So already we have very different functions. One of them is body awareness, heightened vigilance. One of them is stability, and now suddenly Sati is likened to examining, probing in to investigating.


There are more images. There’s a few images that speak of Sati in a sort of panoramic, open, spacious awareness. Man climbing on top of his house and overlooking the land. Or another man sitting on the bench of his oxcart and overlooking his draft animals, his road, the cartload, and holding the reins. So Sati is likened to that panoramic overview. Which is probably one of the most easiest recognizable images for Sati.

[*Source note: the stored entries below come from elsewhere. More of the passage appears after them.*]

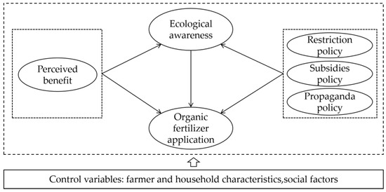 Therefore, this study believes that perceived benefit, restriction policy, subsidies policy, and propaganda policy all directly affect farmers’ organic fertilizer application. Additionally, these also affect their behaviors through ecological awareness. Based on this, our study establishes an analytical framework (Figure 1) and verifies the above argument through empirical analysis.
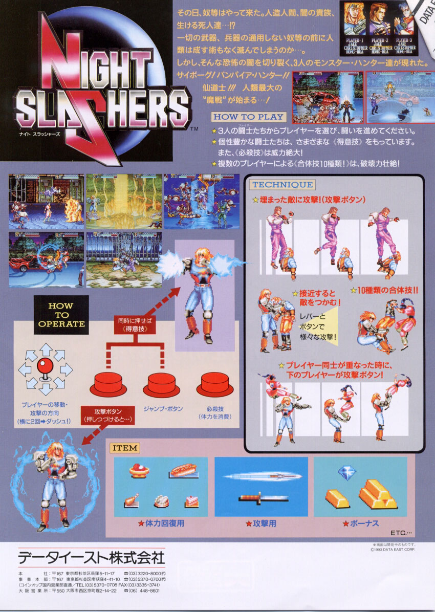 Continuando con grandes beat'em ups poco conocidos, a continuación les propongo un excelente exponente de scroll lateral para tres jugadores simultáneos, desarrollado por Nihon Bussan/AV Japan en 1993 y publicado por Data East en ese mismo año. El plot es simple, los zombies, vampiros, hombres lobo y otros monstruos se están apoderando de nuestras ciudades; entre los pocos humanos que quedan surgen tres héroes que intentarán detenerlos, Jake el "Psychic Cyborg" americano cuyos brazos fueron substituídos por brazos robóticos, Christopher el afamado caza-vampiros europeo, y Hong Hua la más destacada artemarcialista de Asia.
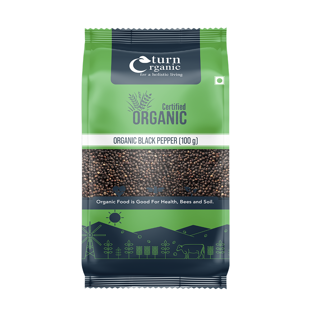 Turn Organic Black Pepper Corns are organically grown without harmful chemicals and pesticides. Turn Organic Black Peppers are steam sterlized to retain the aroma. Turn Organic Black Pepper Corns are rich source of Antioxidants, Minerals & Vitamins. It also has high content of dietary fiber and moderate amount of protein and carbohydrates. It aids in cleansing of your intestines, stomach and detoxifies your body.
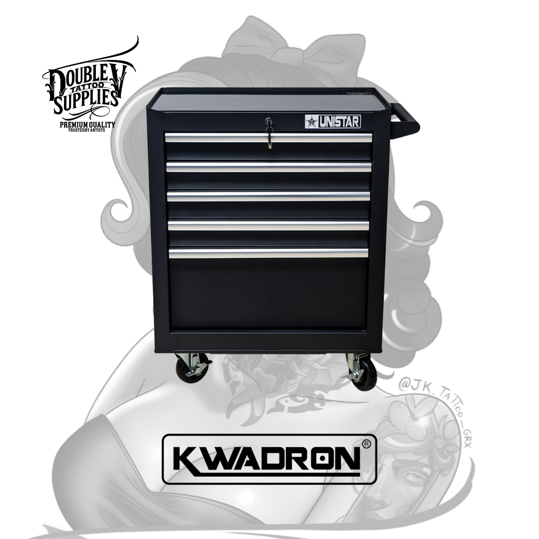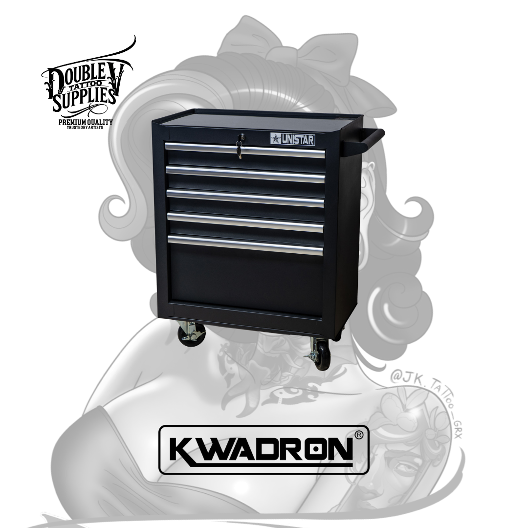 Mobile Working Table de Kwadron es la estación de trabajo móvil profesional de grado hospitalario con estructura soldada de acero reforzado, encimera de acero inoxidable pulido, y 5 cajones con guías telescópicas de cierre suave diseñada específicamente para centralizar todo el equipamiento crítico de tatuaje en una unidad móvil ultra-estable que elimina movimientos entre zonas del estudio mientras proporciona almacenamiento seguro con cerradura, superficie de trabajo higiénica de limpieza instantánea, y movilidad absoluta mediante 4 ruedas industriales con bloqueo que transforman la unidad de carrito móvil a estación fija en 2 segundos. No es un carrito doméstico adaptado: es mobiliario profesional certificado con peso de 38 kg que garantiza estabilidad anti-vuelco, dimensiones optimizadas 62x80x37 cm que maximizan almacenamiento sin ocupar espacio excesivo, y construcción con recubrimiento en polvo negro resistente a desinfectantes hospitalarios.
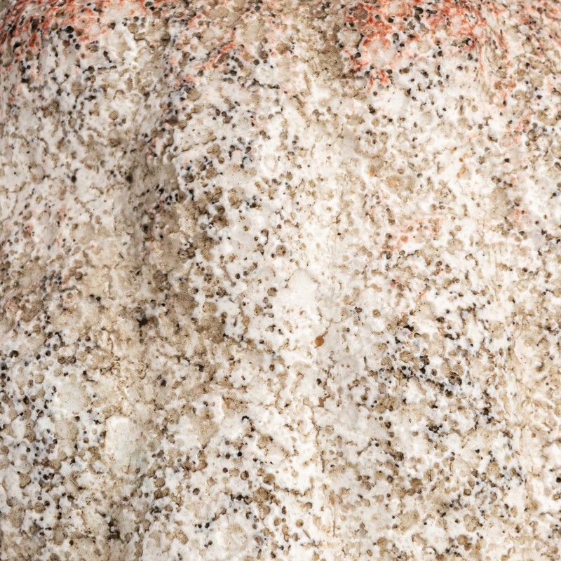 • A set of two round terra-cotta vases that have a raised rectangles pattern and a distressed finish in cream color that adds a touch of rustic and cozy charm to any space
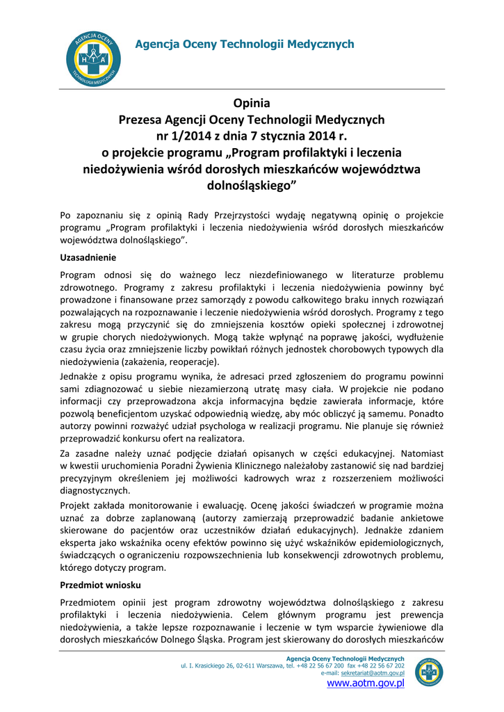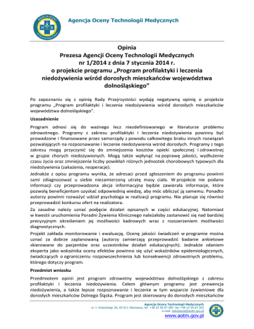 Agencja Oceny Technologii Medycznych Opinia Prezesa Agencji Oceny Technologii Medycznych nr 1/2014 z dnia 7 stycznia 2014 r. o projekcie programu „Program profilaktyki i leczenia niedożywienia wśród dorosłych mieszkańców województwa dolnośląskiego” Po zapoznaniu się z opinią Rady Przejrzystości wydaję negatywną opinię o projekcie programu „Program profilaktyki i leczenia niedożywienia wśród dorosłych mieszkańców województwa dolnośląskiego”. Uzasadnienie Program odnosi się do ważnego lecz niezdefiniowanego w literaturze problemu zdrowotnego. Programy z zakresu profilaktyki i leczenia niedożywienia powinny być prowadzone i finansowane przez samorządy z powodu całkowitego braku innych rozwiązań pozwalających na rozpoznawanie i leczenie niedożywienia wśród dorosłych. Programy z tego zakresu mogą przyczynić się do zmniejszenia kosztów opieki społecznej i zdrowotnej w grupie chorych niedożywionych. Mogą także wpłynąć na poprawę jakości, wydłużenie czasu życia oraz zmniejszenie liczby powikłań różnych jednostek chorobowych typowych dla niedożywienia (zakażenia, reoperacje). Jednakże z opisu programu wynika, że adresaci przed zgłoszeniem do programu powinni sami zdiagnozować u siebie niezamierzoną utratę masy ciała. W projekcie nie podano informacji czy przeprowadzona akcja informacyjna będzie zawierała informacje, które pozwolą beneficjentom uzyskać odpowiednią wiedzę, aby móc obliczyć ją samemu. Ponadto autorzy powinni rozważyć udział psychologa w realizacji programu. Nie planuje się również przeprowadzić konkursu ofert na realizatora. Za zasadne należy uznać podjęcie działań opisanych w części edukacyjnej. Natomiast w kwestii uruchomienia Poradni Żywienia Klinicznego należałoby zastanowić się nad bardziej precyzyjnym określeniem jej możliwości kadrowych wraz z rozszerzeniem możliwości diagnostycznych. Projekt zakłada monitorowanie i ewaluację. Ocenę jakości świadczeń w programie można uznać za dobrze zaplanowaną (autorzy zamierzają przeprowadzić badanie ankietowe skierowane do pacjentów oraz uczestników działań edukacyjnych). Jednakże zdaniem eksperta jako wskaźnika oceny efektów powinno się użyć wskaźników epidemiologicznych, świadczących o ograniczeniu rozpowszechnienia lub konsekwencji zdrowotnych problemu, którego dotyczy program. Przedmiot wniosku Przedmiotem opinii jest program zdrowotny województwa dolnośląskiego z zakresu profilaktyki i leczenia niedożywienia. Celem głównym programu jest prewencja niedożywienia, a także lepsze rozpoznawanie i leczenie w tym wsparcie żywieniowe dla dorosłych mieszkańców Dolnego Śląska. Program jest skierowany do dorosłych mieszkańców Agencja Oceny Technologii Medycznych ul. I. Krasickiego 26, 02-611 Warszawa, tel. +48 22 56 67 200 fax +48 22 56 67 202 e-mail: [email protected] www.aotm.gov.pl Opinia Prezesa AOTM nr 1/2014 z dnia 7 stycznia 2014 r. Dolnego Śląska z niezamierzonym spadkiem masy ciała (co najmniej 10% wyjściowej wagi), niezależnie od przyczyny, którzy mogą jeść w sposób naturalny i nie przebywają w szpitalu. Planuje się, że rocznie do programu będzie się zgłaszać 1000 osób. Planowana liczba przeszkolonych to około 2500 osób w ciągu trzech lat trwania programu. Program ma być realizowany w latach 2013-2015. Planowane koszty całkowite realizacji programu wynoszą 672 000 zł. Problem zdrowotny Światowa Organizacja Zdrowia (WHO) definiuje niedożywienie jako występujący na poziomie komórkowym brak równowagi pomiędzy zapotrzebowaniem na składniki pokarmowe i energię a podażą, której zaspokojenie pozwala na wzrost, podtrzymywanie funkcji życiowych oraz pełnienie określonych funkcji. Niedożywienie u osób chorych przyjmowanych do szpitala najczęściej jest nierozpoznawalne i nieleczone. Prowadzi to do tak zwanego niedożywienia szpitalnego, które obserwuje się u 30% chorych prawidłowo odżywionych. U 70% chorych niedożywionych ulega ono pogłębieniu w ciągu 14 dni pobytu w szpitalu. Szacuje się, że niedożywienie w momencie przyjęcia do szpitala występuje u 35% - 55% przewlekle chorych na choroby nienowotworowe i u 40%-90% chorych na nowotwory. Jest bezpośrednią przyczyną zwiększonej chorobowości, śmiertelności, przedłużonego pobytu w szpitalu i zwiększonych kosztów leczenia. Przyczynia się do zmniejszenia skuteczności leczenia farmakologicznego i operacyjnego, zwiększa częstość powikłań septycznych. Niezamierzona utrata masy ciała występuje u 15-20% osób starszych powyżej 65 roku życia i również jest związana z większą zachorowalnością i śmiertelnością. Alternatywne świadczenia Rozporządzenie Ministra Zdrowia z dnia 15 września 2011 roku zmieniające rozporządzenie w sprawie świadczeń gwarantowanych z zakresu lecznictwa szpitalnego wprowadziło obowiązek oceny stanu odżywienia wszystkich chorych przyjmowanych do szpitali w trybie hospitalizacji i hospitalizacji planowej (z wyjątkiem pacjentów oddziałów ratunkowych) za pomocą kwestionariuszy SGA lub NRS 2002 u dorosłych i na siatkach wzrastania u dzieci i młodzieży. Świadczeniobiorcy, u których stwierdzono na podstawie ww. oceny zwiększone ryzyko związane ze stanem odżywienia, powinni być poddani ocenie żywieniowej. Wnioski z oceny przeprowadzonej przez Agencję Rekomendacje zwracają uwagę na konieczność wczesnego wykrywania i leczenia niedożywienia. Niedożywienie u osób dorosłych rozpoznaje się na podstawie niezamierzonej utraty masy ciała >10% w ciągu 6 miesięcy albo >5% w ciągu 3 miesięcy. Dodatkowym kryterium rozpoznania jest BMI <18,5 kg/m2. Niedożywienie u osób starszych (> 65 roku życia) rozpoznaje się na podstawie niezamierzonej utraty masy ciała >10% w ciągu 6 miesięcy albo >5% w ciągu 3 miesięcy i/lub BMI <20 kg/m2. Celem badania przesiewowego jest wczesne wyodrębnienie chorych niedożywionych lub zagrożonyc

But then there are other images. Sati is described with a cowherd boy who has to look after his cows. And these cows, there are two takes. Take one shows these cows while the fruit in the field nearby is ripe. And the cows want to run into the ripe field and thereby eat some of the fruit and trample the rest of the field, which the boy has to avoid. And to do so, he has a stick. He jumps up and down. He screams, he shakes his arms, and he runs around to keep these cows at all costs out of the field. This practice is called “protection”. It’s not called mindfulness, it’s called protection. Then we have another take. That the field is harvested. The cows don’t really run anywhere; they just stand. And our cowherd boy just lies in the shadow, lifts his head occasionally and sees, “Oh, my cows are still there. Nothing is happening. I don’t really need to do anything.” And this practice is called “establishing mindfulness”. Very inviting, isn’t it?


Maybe interesting not to forget that the first activity, shaking your hands, screaming, using the stick and jumping up and down, is also deemed a necessary practice. Although it is not called mindfulness, it is still necessary. So if your cows are running around madly, it may be necessary that your lofty definitions of mindfulness need to be parked for a moment and you need to make sure that your cows don’t run away. By whatever means it takes to keep them from running away.


We have images of Sati, very interesting image, as a gatekeeper. Two images, one image speaks of Sati as a gatekeeper at the gate. Awaiting two messengers coming from a distant place. And the gatekeeper awaits them so that when they arrive, tired, and not familiar with the town, that he can take them on the straightest and most direct way to the governor of the city. Sati has the job of efficiency, of economy, and making things go unhindered. Very interesting image of Sati. So a gatekeeper that awaits the messengers, they by the way are called Samatha and Vipassanā, and takes these messengers to the governor of the city, to the Citta.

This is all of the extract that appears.